» **Exercise requirements**:
Wherever pictures appear in the listing below, leave them out, and copy exactly, and only, everything from the line with "学科教学师徒代表以及班级管理师徒代表上台签订指导协议" down to the line with "全体にフラワーカットアウトが施されたTシャツが登場!".

» **Working data**:
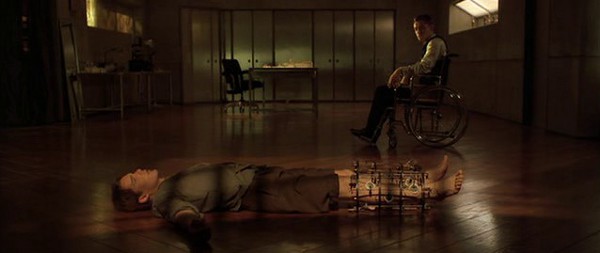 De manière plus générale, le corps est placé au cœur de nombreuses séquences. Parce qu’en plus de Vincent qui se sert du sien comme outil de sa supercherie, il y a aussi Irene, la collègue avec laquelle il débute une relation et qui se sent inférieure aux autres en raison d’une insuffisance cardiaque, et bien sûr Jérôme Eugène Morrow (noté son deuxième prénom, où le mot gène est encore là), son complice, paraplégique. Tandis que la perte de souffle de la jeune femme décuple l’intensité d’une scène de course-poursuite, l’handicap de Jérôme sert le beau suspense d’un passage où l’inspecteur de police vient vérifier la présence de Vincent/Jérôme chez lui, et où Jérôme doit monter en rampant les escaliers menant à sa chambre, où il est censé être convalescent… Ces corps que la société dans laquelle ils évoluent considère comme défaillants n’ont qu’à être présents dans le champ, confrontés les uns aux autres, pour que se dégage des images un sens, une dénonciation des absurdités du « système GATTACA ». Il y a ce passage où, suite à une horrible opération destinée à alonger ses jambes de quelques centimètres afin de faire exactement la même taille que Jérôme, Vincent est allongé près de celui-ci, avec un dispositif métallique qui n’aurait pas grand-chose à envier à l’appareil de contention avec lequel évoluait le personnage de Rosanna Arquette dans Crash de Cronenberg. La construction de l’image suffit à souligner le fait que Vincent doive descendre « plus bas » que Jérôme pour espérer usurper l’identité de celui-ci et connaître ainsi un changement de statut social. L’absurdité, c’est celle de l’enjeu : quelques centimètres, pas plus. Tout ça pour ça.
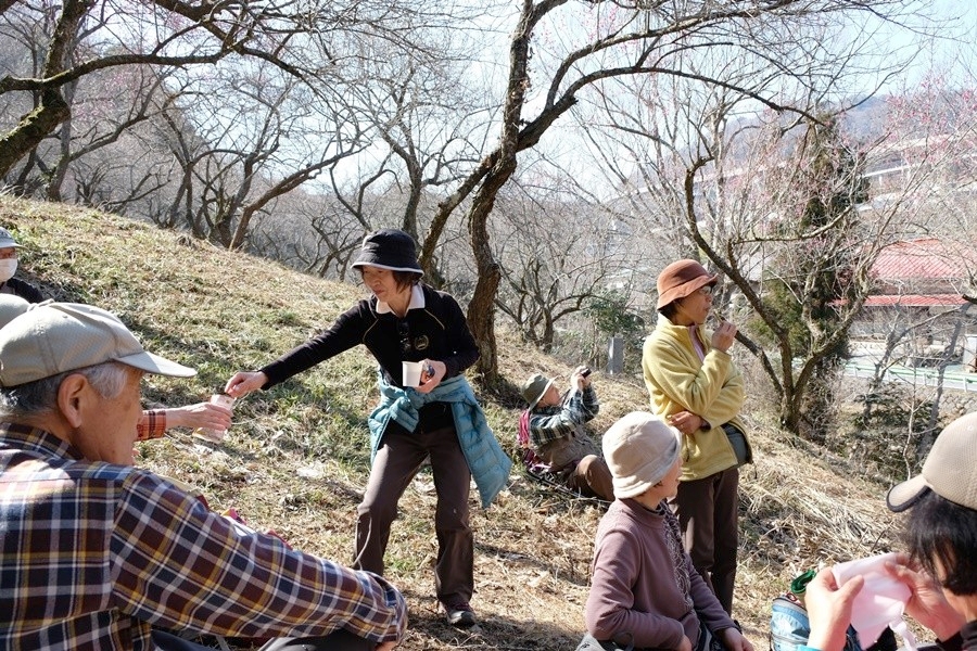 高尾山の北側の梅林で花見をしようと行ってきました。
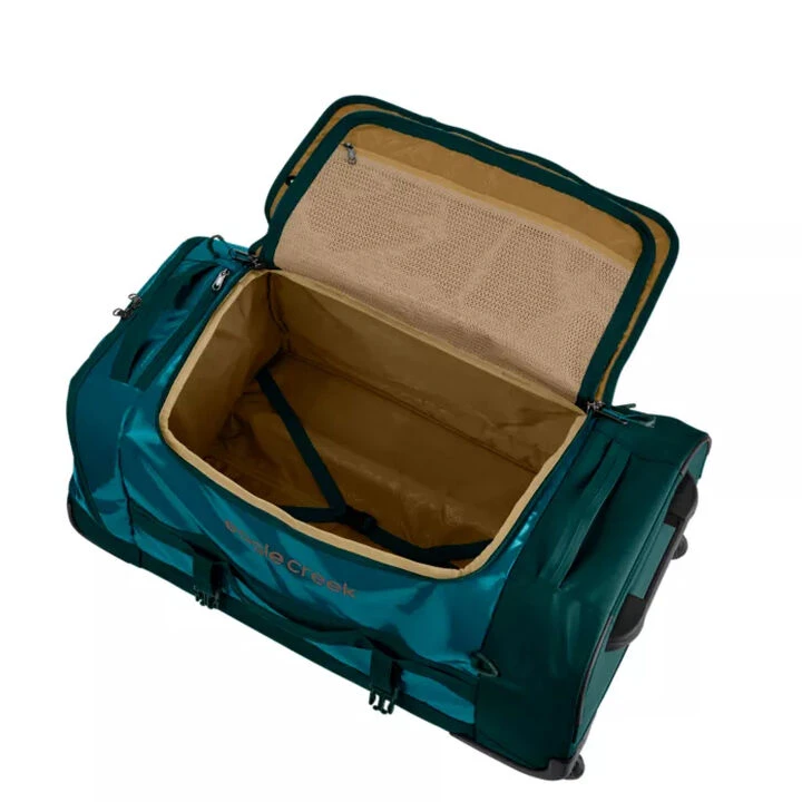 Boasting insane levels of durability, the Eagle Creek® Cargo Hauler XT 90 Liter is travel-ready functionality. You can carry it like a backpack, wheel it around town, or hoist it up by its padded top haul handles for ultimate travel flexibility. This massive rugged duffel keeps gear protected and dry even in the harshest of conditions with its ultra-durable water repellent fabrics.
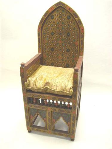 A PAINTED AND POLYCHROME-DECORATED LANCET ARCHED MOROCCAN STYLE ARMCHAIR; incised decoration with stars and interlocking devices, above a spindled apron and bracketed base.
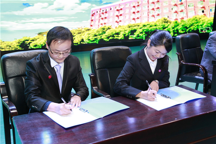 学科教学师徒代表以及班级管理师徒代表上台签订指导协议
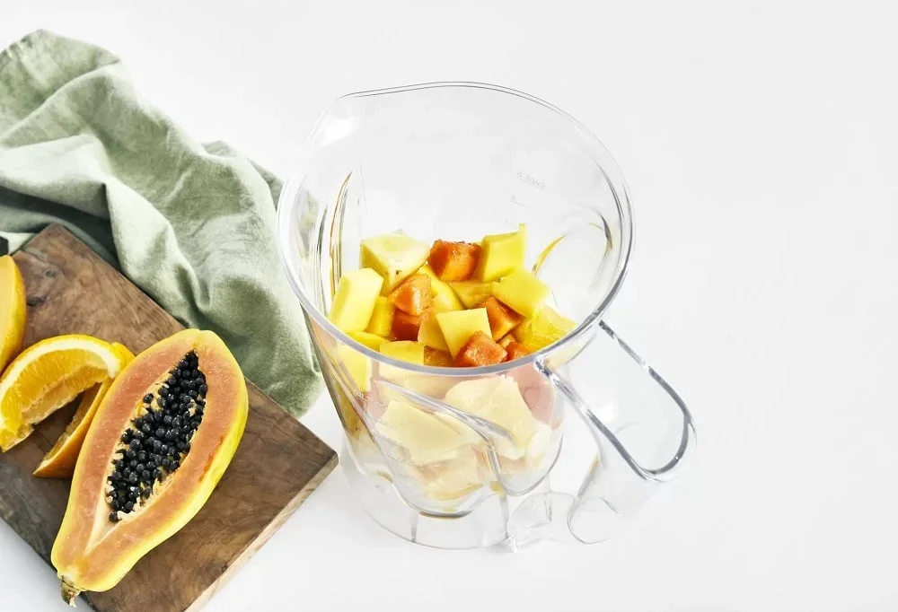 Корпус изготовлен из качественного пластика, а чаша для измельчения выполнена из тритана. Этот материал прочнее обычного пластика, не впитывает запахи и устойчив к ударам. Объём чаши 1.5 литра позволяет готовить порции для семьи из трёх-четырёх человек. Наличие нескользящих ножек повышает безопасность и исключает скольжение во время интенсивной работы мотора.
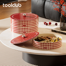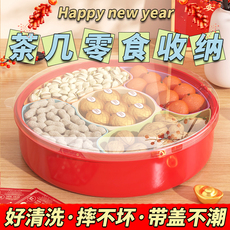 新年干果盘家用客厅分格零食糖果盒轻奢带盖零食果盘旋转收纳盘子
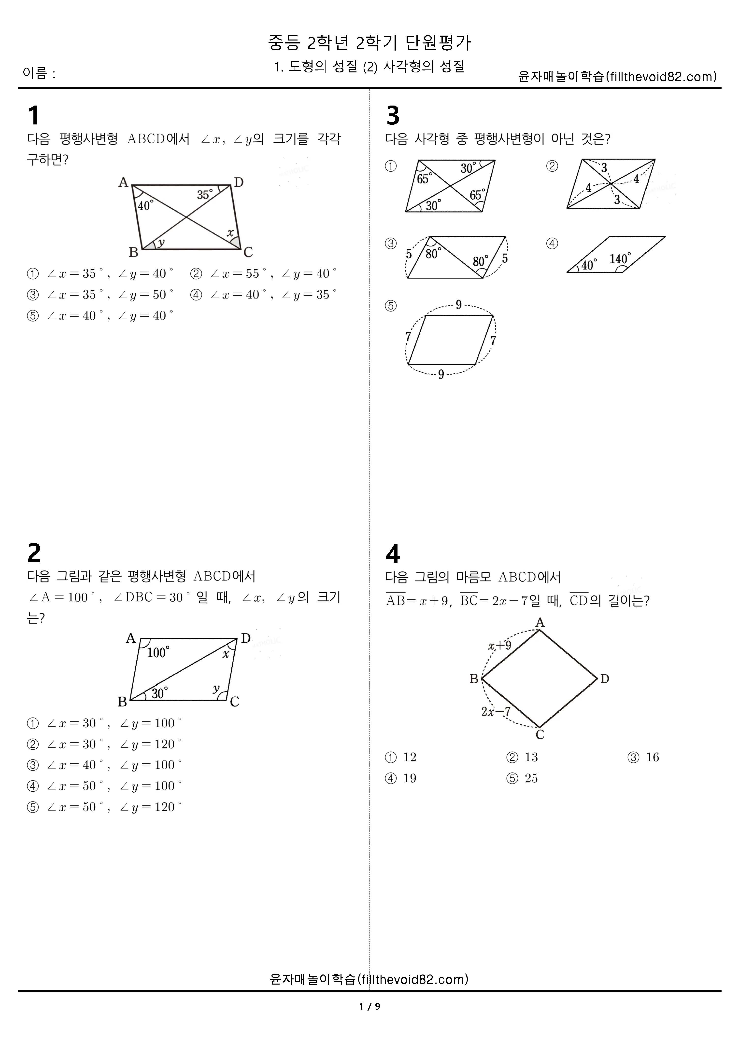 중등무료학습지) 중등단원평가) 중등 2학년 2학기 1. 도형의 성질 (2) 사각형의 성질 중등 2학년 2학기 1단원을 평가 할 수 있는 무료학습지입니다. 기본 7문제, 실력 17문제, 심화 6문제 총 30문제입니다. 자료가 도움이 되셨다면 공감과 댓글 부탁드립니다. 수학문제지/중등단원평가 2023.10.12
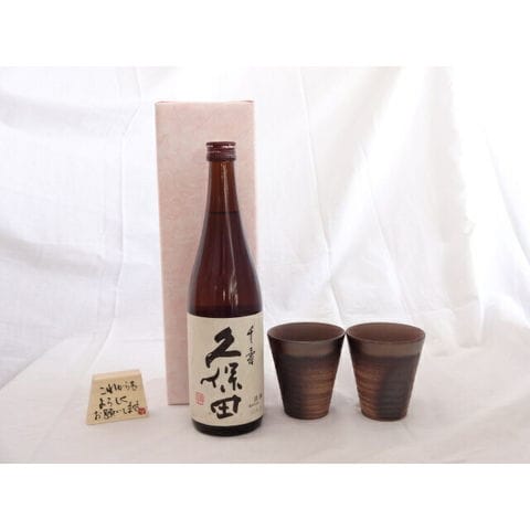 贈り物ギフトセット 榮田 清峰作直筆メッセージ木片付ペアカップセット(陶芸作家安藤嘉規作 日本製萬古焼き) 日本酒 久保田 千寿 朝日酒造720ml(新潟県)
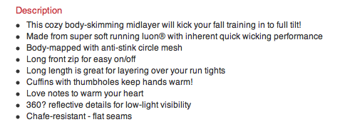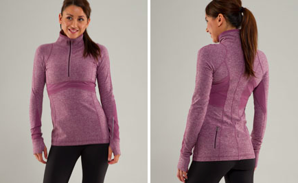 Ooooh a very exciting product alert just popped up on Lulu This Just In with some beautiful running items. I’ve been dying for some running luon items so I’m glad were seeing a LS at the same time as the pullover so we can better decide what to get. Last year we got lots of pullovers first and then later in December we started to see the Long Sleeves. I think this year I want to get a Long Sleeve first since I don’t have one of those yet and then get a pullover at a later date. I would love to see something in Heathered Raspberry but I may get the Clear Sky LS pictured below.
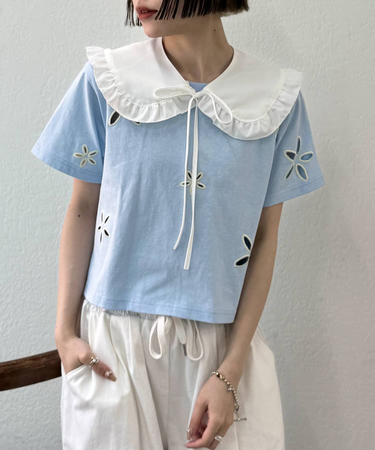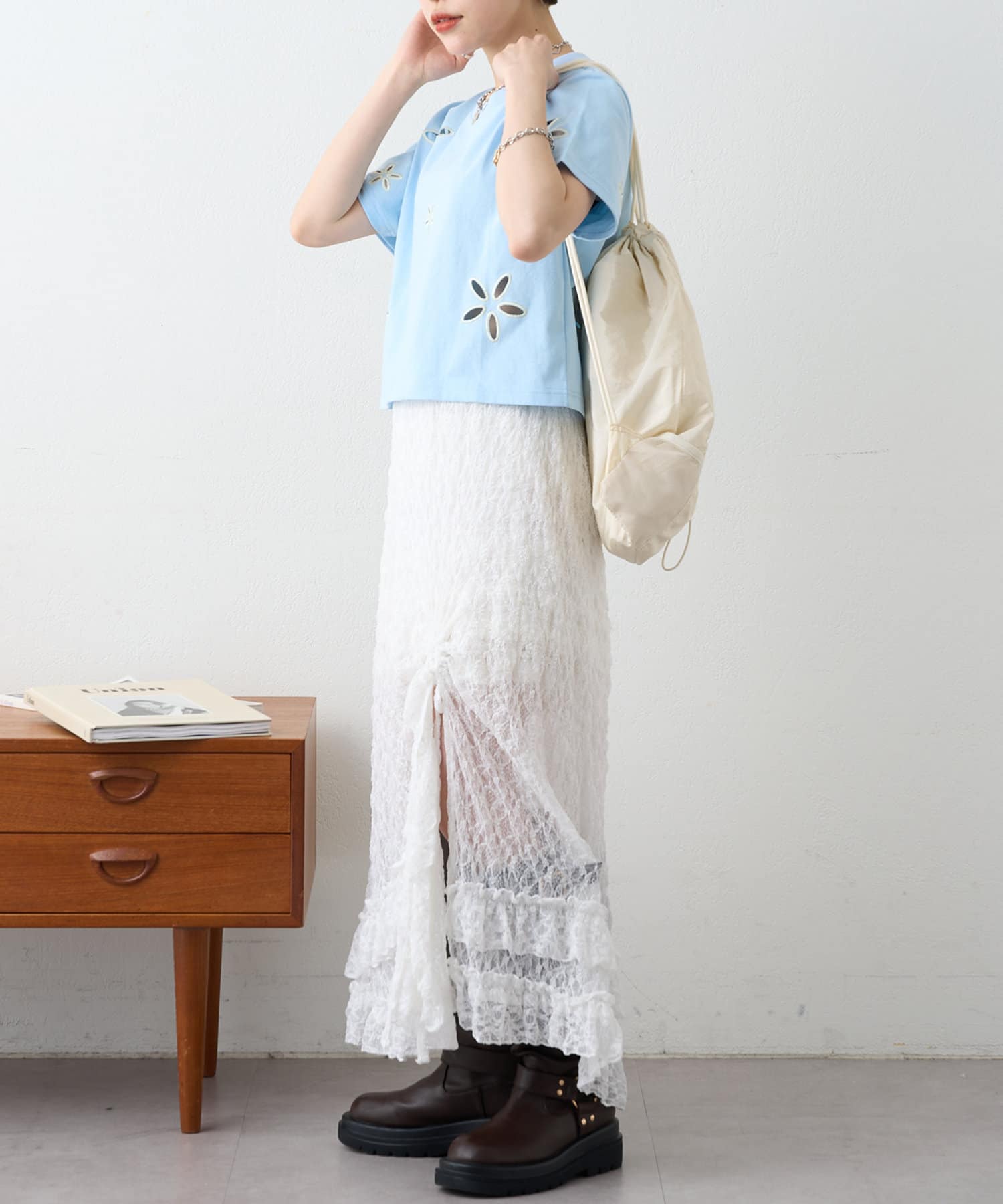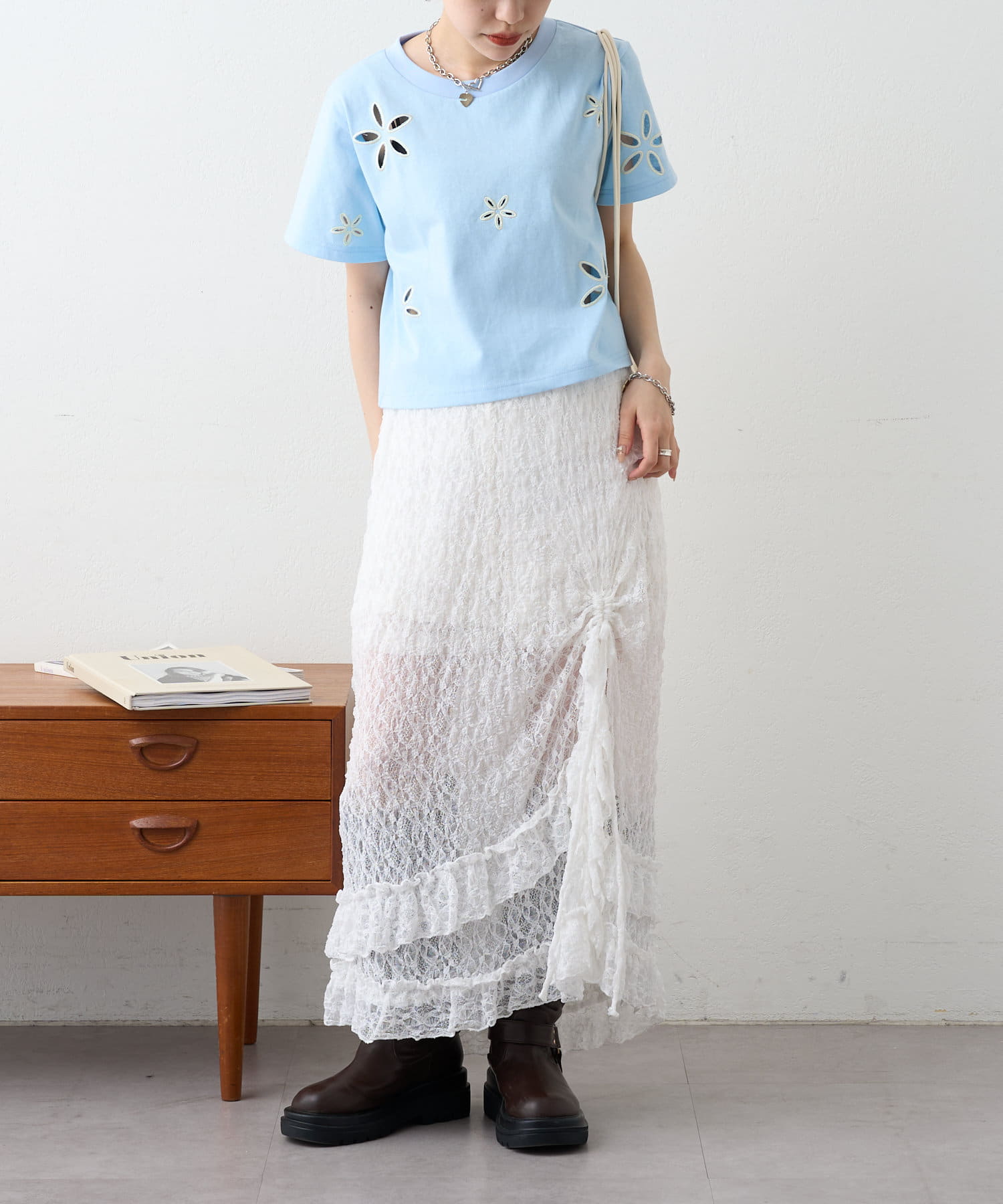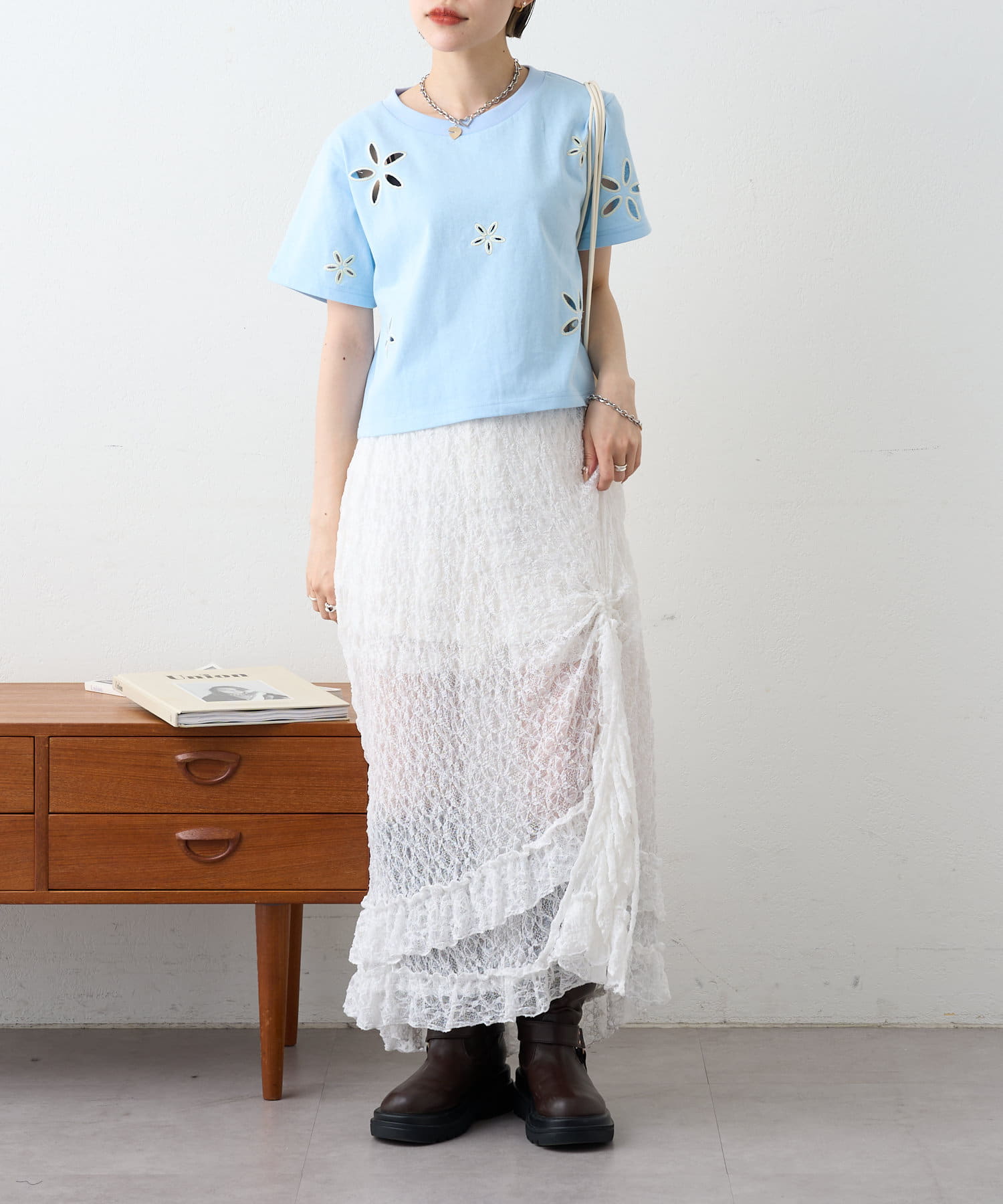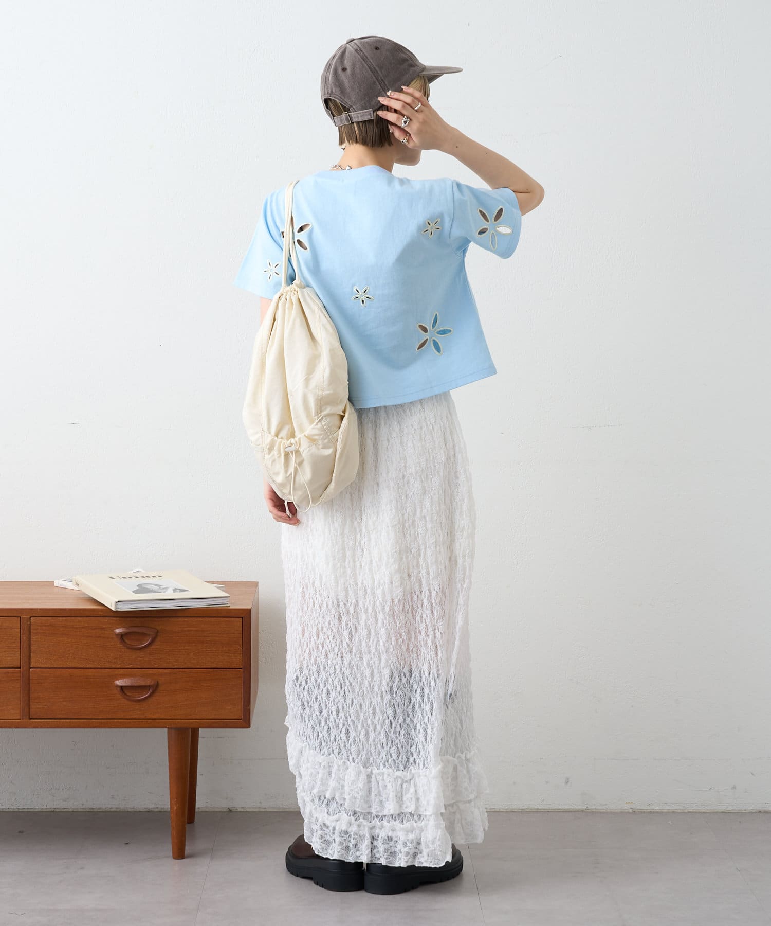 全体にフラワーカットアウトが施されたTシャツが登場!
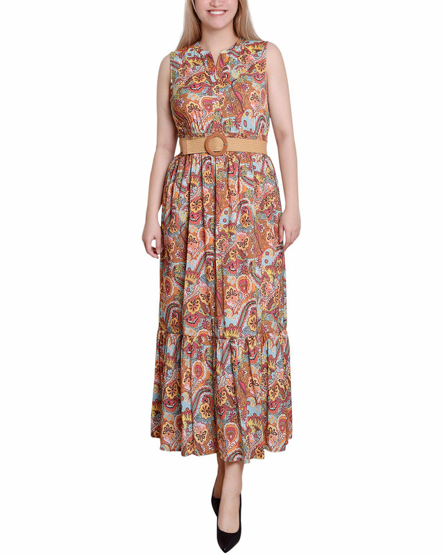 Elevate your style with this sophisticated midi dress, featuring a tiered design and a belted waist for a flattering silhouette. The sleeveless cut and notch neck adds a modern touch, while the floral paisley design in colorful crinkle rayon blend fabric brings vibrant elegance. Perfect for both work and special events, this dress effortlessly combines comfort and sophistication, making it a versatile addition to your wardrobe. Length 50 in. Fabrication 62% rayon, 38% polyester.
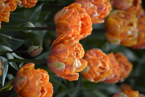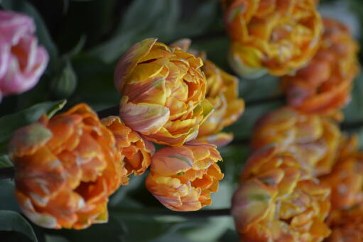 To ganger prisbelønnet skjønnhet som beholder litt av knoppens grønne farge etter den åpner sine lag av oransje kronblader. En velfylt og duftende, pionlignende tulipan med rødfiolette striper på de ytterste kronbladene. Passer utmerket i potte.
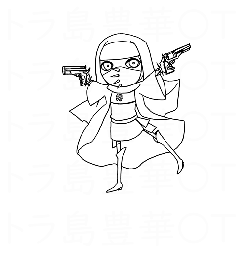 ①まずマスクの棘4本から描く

» **Output for this exercise**:
 学科教学师徒代表以及班级管理师徒代表上台签订指导协议
 Корпус изготовлен из качественного пластика, а чаша для измельчения выполнена из тритана. Этот материал прочнее обычного пластика, не впитывает запахи и устойчив к ударам. Объём чаши 1.5 литра позволяет готовить порции для семьи из трёх-четырёх человек. Наличие нескользящих ножек повышает безопасность и исключает скольжение во время интенсивной работы мотора.
 新年干果盘家用客厅分格零食糖果盒轻奢带盖零食果盘旋转收纳盘子
 중등무료학습지) 중등단원평가) 중등 2학년 2학기 1. 도형의 성질 (2) 사각형의 성질 중등 2학년 2학기 1단원을 평가 할 수 있는 무료학습지입니다. 기본 7문제, 실력 17문제, 심화 6문제 총 30문제입니다. 자료가 도움이 되셨다면 공감과 댓글 부탁드립니다. 수학문제지/중등단원평가 2023.10.12
 贈り物ギフトセット 榮田 清峰作直筆メッセージ木片付ペアカップセット(陶芸作家安藤嘉規作 日本製萬古焼き) 日本酒 久保田 千寿 朝日酒造720ml(新潟県)
 Ooooh a very exciting product alert just popped up on Lulu This Just In with some beautiful running items. I’ve been dying for some running luon items so I’m glad were seeing a LS at the same time as the pullover so we can better decide what to get. Last year we got lots of pullovers first and then later in December we started to see the Long Sleeves. I think this year I want to get a Long Sleeve first since I don’t have one of those yet and then get a pullover at a later date. I would love to see something in Heathered Raspberry but I may get the Clear Sky LS pictured below.
 全体にフラワーカットアウトが施されたTシャツが登場!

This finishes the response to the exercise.